**TASK GOAL**:
An exact copy is needed of the lines from the one that contains "Click on the" through the final line of the data below, with pictures left out.

-------- MATERIAL FOR THE TASK --------

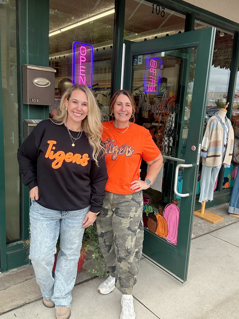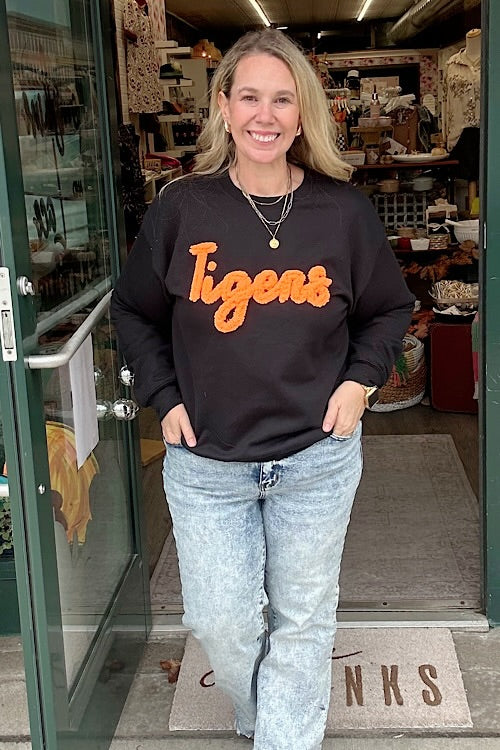 kirksville tigers sweatshirt, game day sweatshirt, chenille letter sweatshirt, black and orange pullover, cozy school spiritwear, boutique fleece crewneck, tiger team apparel
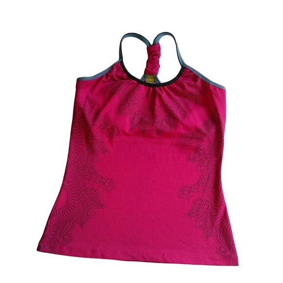 KIWI KATE, SIZE SMALL, FUSHIA YOGA TANK TOP WITH GRAY TRIM. BEAUTIFUL DESIGN. IN GREAT CONDITION. SEE PHOTOS FOR MEASUREMENT AND FABRIC DETAILS.
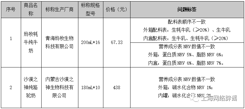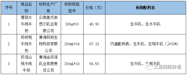 此外,部分样品从配料表看是混合乳源(如配料表:生牛乳、生水牛乳或生牛乳、生牦牛乳)且从配料表顺序可说明其原料一半以上为生牛乳,但其商品名称却为“水牛纯牛奶”或“牦牛纯牛奶”,其商品名称非常容易与单一乳源的纯奶相混淆。
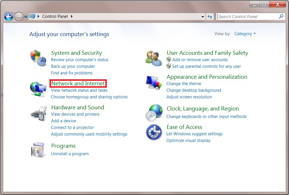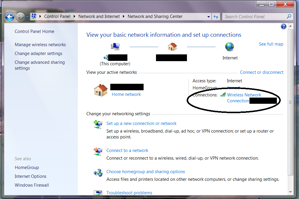 Click on the “Start” button and go into the “Control Panel” in Windows and select “Network and Sharing Centre” (this was on a Windows 7 machine).
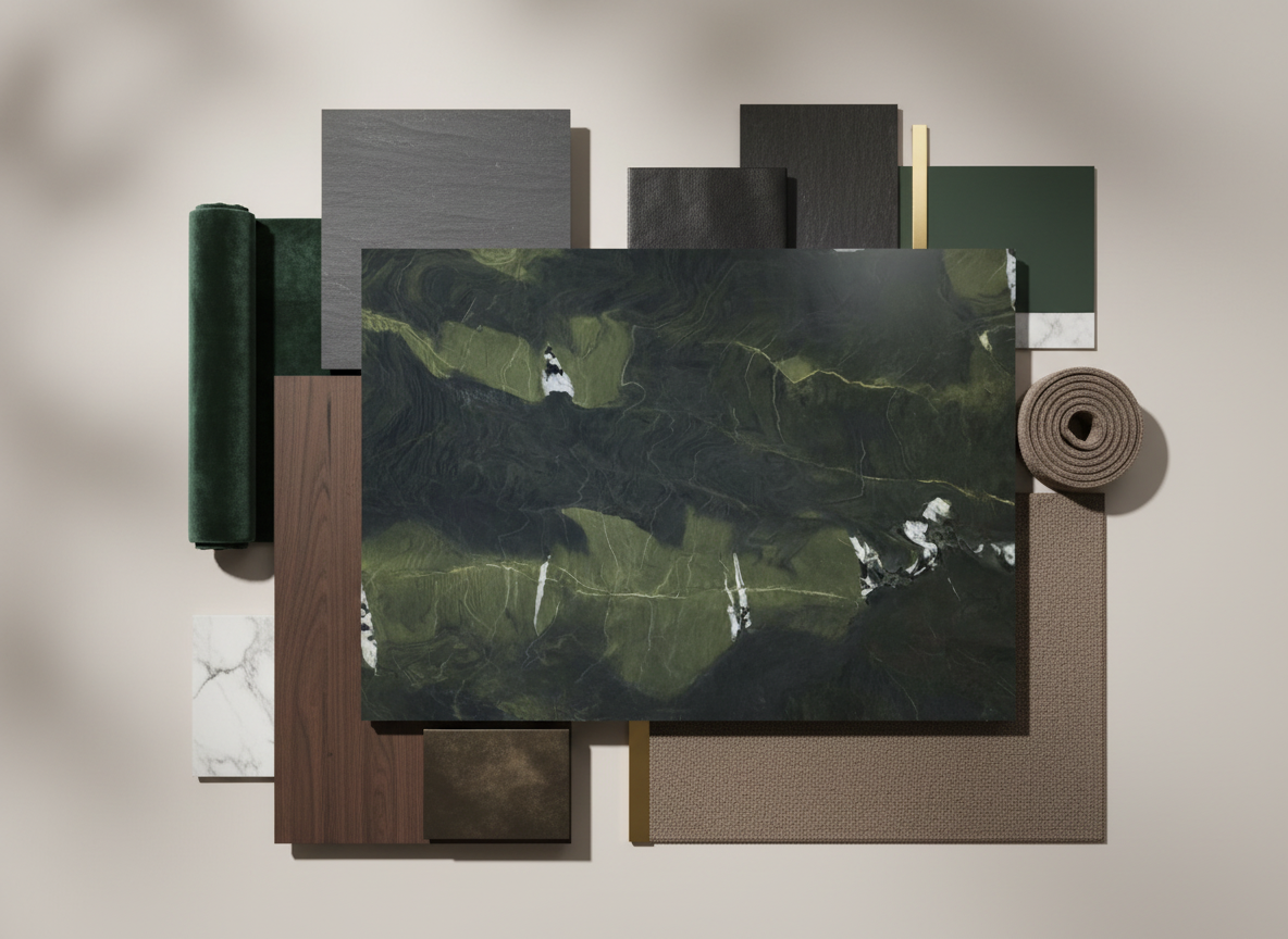 create a rich moody moodboard based on this slab of platinum crystal quartzite

--------

**SOLUTION TO THIS PROBLEM**:
 Click on the “Start” button and go into the “Control Panel” in Windows and select “Network and Sharing Centre” (this was on a Windows 7 machine).
 create a rich moody moodboard based on this slab of platinum crystal quartzite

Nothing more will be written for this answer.